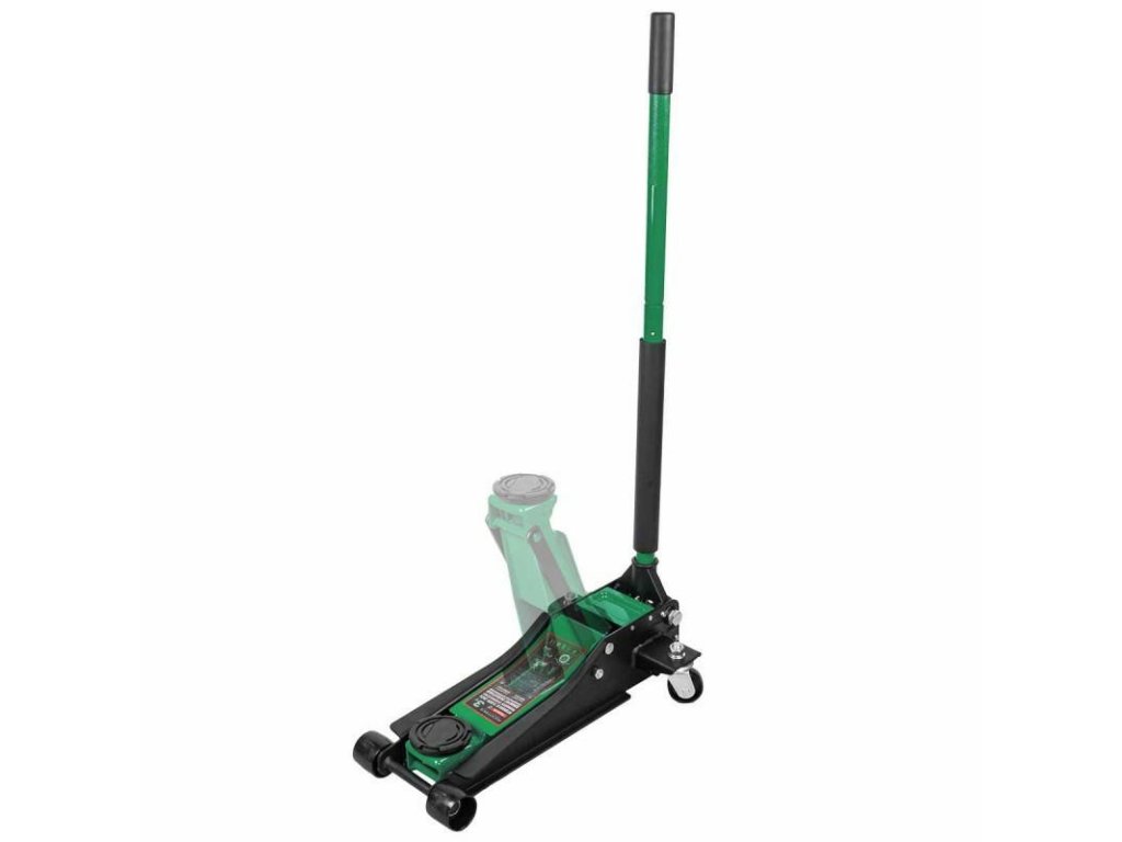 Zdvihák váži 23,5 kg, čo svedčí o jeho masívnej, odolnej a stabilnej konštrukcii. Vďaka tomu zaručuje istotu a bezpečnosť práce aj pod veľkým zaťažením. Napriek svojej váhe nezaberá v pokojovom stave veľa miesta – úspešne ho môžete skladovať v garáži, dielni alebo v kufri väčšieho auta.
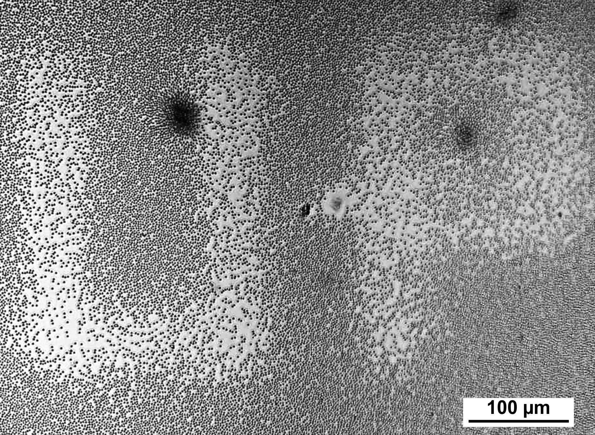 Foto: Initialen der Universität Potsdam, geschrieben in der Monolage von Mikropartikeln. Foto: Prof. Dr. Svetlana Santer.
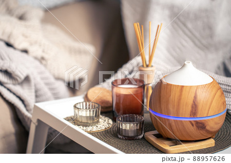 A cozy composition with an aroma diffuser and candles in a home interior.
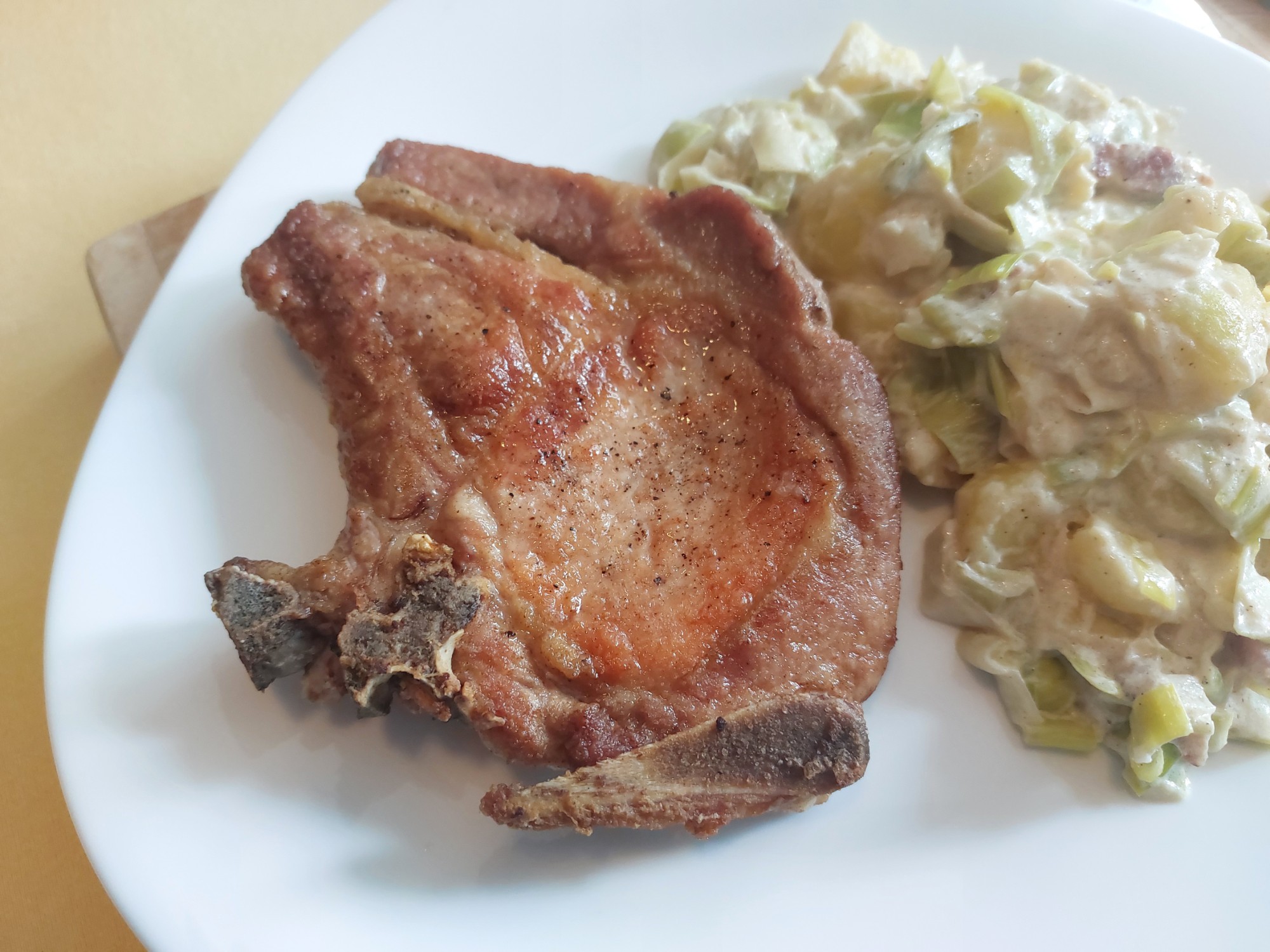 Während der Fisch im Öfchen wärmte und buk, kam in eine Pfanne etwas Butter, Bauchspeck, Knoblauch und Schalotte und wurde angeschmurgelt. Die letzten drei Sachen waren gewürfelt, was bei der Butter auch wenig sinnvoll ist, da sie in der Pfanne sowieso schmolz. In Streifen geschnittener Spitzkohl ergänzte den Pfanneninhalt, dazu kamen Salz, Pfeffer, Kümmel und eine Spur Chili für den Pfiff. Als der Kohl zusammen gefallen war, kamen die gekochten Kartoffelstücke dazu und wurden beim Einrühren auch noch ein wenig zermanscht. Ein wenig Flüssigkeit war nämlich in der Pfanne entstanden bzw. zugegeben. Letzteres in Form eines Schusses Apfelsaft (mit Birne).

What to produce: Word for word, reproduce all of the data, but keep out the pictures.

Output for this task:
 Zdvihák váži 23,5 kg, čo svedčí o jeho masívnej, odolnej a stabilnej konštrukcii. Vďaka tomu zaručuje istotu a bezpečnosť práce aj pod veľkým zaťažením. Napriek svojej váhe nezaberá v pokojovom stave veľa miesta – úspešne ho môžete skladovať v garáži, dielni alebo v kufri väčšieho auta.
 Foto: Initialen der Universität Potsdam, geschrieben in der Monolage von Mikropartikeln. Foto: Prof. Dr. Svetlana Santer.
 A cozy composition with an aroma diffuser and candles in a home interior.
 Während der Fisch im Öfchen wärmte und buk, kam in eine Pfanne etwas Butter, Bauchspeck, Knoblauch und Schalotte und wurde angeschmurgelt. Die letzten drei Sachen waren gewürfelt, was bei der Butter auch wenig sinnvoll ist, da sie in der Pfanne sowieso schmolz. In Streifen geschnittener Spitzkohl ergänzte den Pfanneninhalt, dazu kamen Salz, Pfeffer, Kümmel und eine Spur Chili für den Pfiff. Als der Kohl zusammen gefallen war, kamen die gekochten Kartoffelstücke dazu und wurden beim Einrühren auch noch ein wenig zermanscht. Ein wenig Flüssigkeit war nämlich in der Pfanne entstanden bzw. zugegeben. Letzteres in Form eines Schusses Apfelsaft (mit Birne).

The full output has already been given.